Available records:
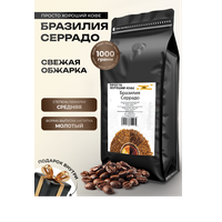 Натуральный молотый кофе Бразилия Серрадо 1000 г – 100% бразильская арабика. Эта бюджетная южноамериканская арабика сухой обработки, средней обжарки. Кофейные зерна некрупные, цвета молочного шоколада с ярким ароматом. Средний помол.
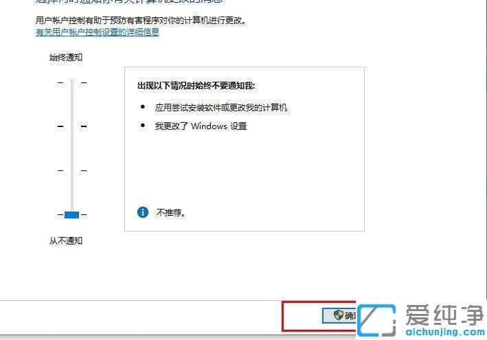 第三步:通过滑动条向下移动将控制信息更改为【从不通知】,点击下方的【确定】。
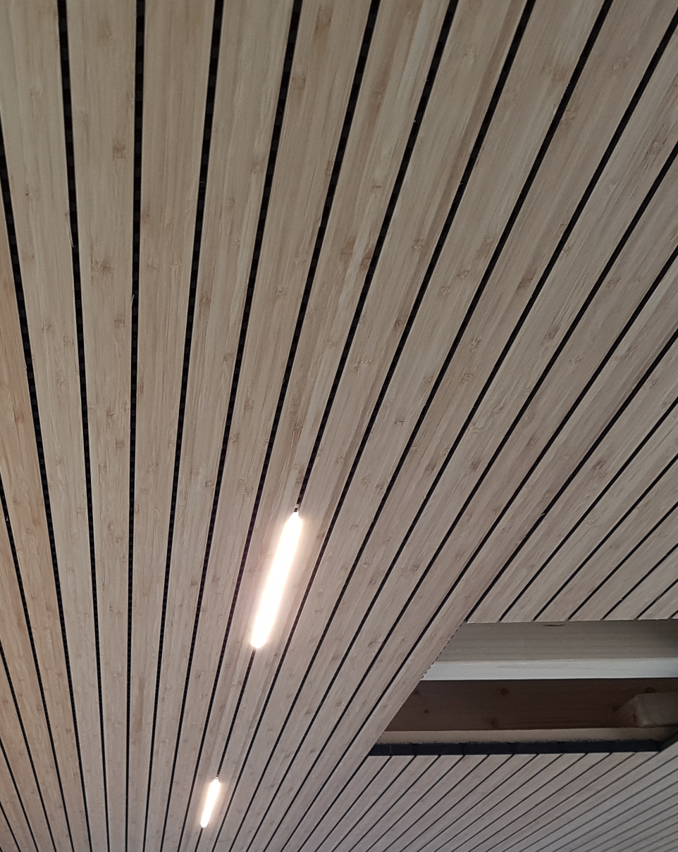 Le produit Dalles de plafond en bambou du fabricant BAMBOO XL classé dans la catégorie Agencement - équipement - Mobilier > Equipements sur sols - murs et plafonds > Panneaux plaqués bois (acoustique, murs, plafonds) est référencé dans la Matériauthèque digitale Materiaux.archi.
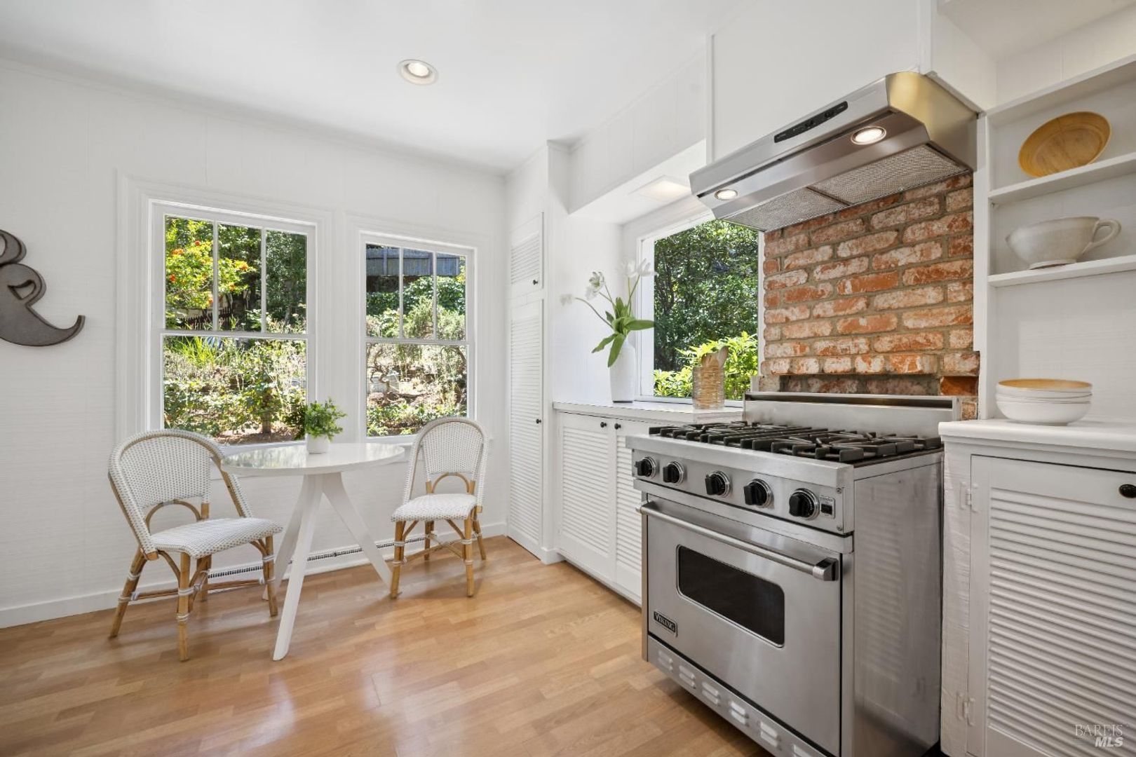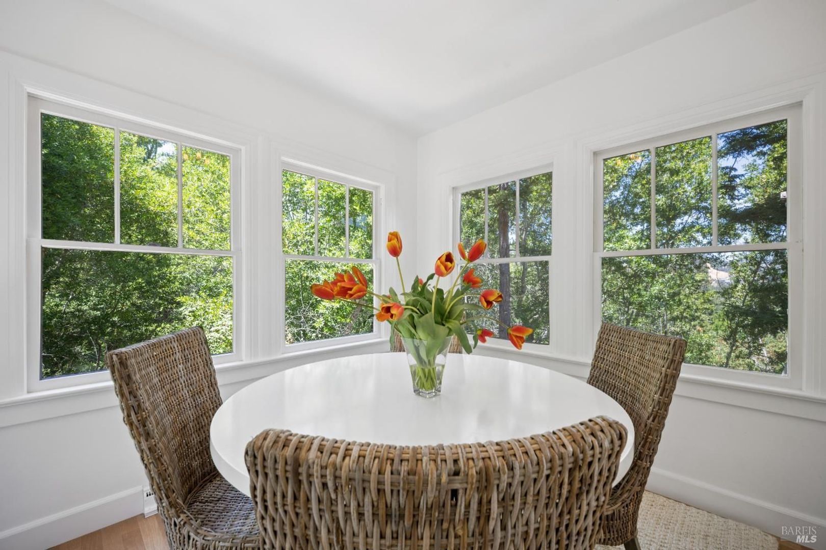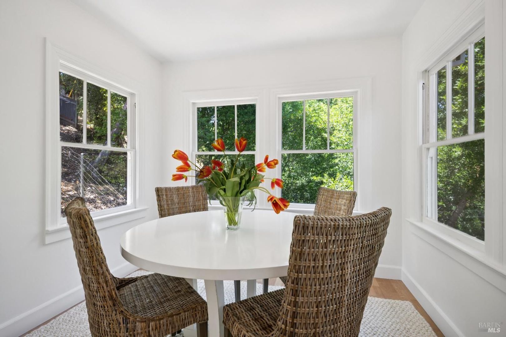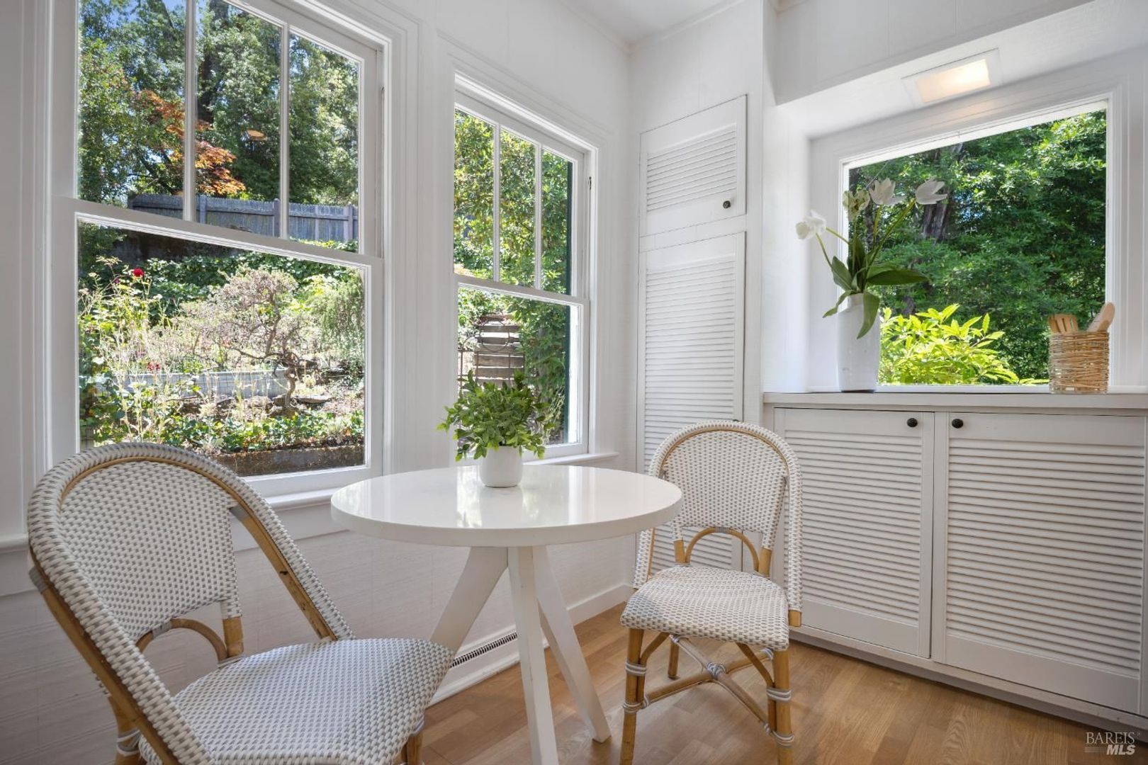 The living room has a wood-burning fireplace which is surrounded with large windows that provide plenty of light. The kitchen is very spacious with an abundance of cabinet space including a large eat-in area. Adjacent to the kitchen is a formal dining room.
---
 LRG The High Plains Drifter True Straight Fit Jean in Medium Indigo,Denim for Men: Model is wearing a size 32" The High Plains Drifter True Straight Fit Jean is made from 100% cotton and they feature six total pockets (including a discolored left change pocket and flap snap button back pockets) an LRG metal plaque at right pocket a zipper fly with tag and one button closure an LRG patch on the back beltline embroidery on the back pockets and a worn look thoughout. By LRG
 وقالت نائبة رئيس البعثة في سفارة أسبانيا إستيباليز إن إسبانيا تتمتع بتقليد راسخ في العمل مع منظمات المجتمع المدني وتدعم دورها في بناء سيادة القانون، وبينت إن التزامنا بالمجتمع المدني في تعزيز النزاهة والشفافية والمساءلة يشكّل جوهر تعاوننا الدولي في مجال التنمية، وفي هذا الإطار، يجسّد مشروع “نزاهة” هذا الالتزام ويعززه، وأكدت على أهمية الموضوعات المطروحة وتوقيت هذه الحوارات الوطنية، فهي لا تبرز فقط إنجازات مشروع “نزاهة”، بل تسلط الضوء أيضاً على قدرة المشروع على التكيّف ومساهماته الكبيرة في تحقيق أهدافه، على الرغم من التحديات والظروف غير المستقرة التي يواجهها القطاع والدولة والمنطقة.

Exercise objective:
Pictures in the entries do not go into the copy. Print only the lines starting at the one containing "第三步:通过滑动条向下移动将控制信息更改为【从不通知】,点击下方的【确定】。" and ending at the one containing "Le produit Dalles", exactly as they appear.

The completed task:
 第三步:通过滑动条向下移动将控制信息更改为【从不通知】,点击下方的【确定】。
 Le produit Dalles de plafond en bambou du fabricant BAMBOO XL classé dans la catégorie Agencement - équipement - Mobilier > Equipements sur sols - murs et plafonds > Panneaux plaqués bois (acoustique, murs, plafonds) est référencé dans la Matériauthèque digitale Materiaux.archi.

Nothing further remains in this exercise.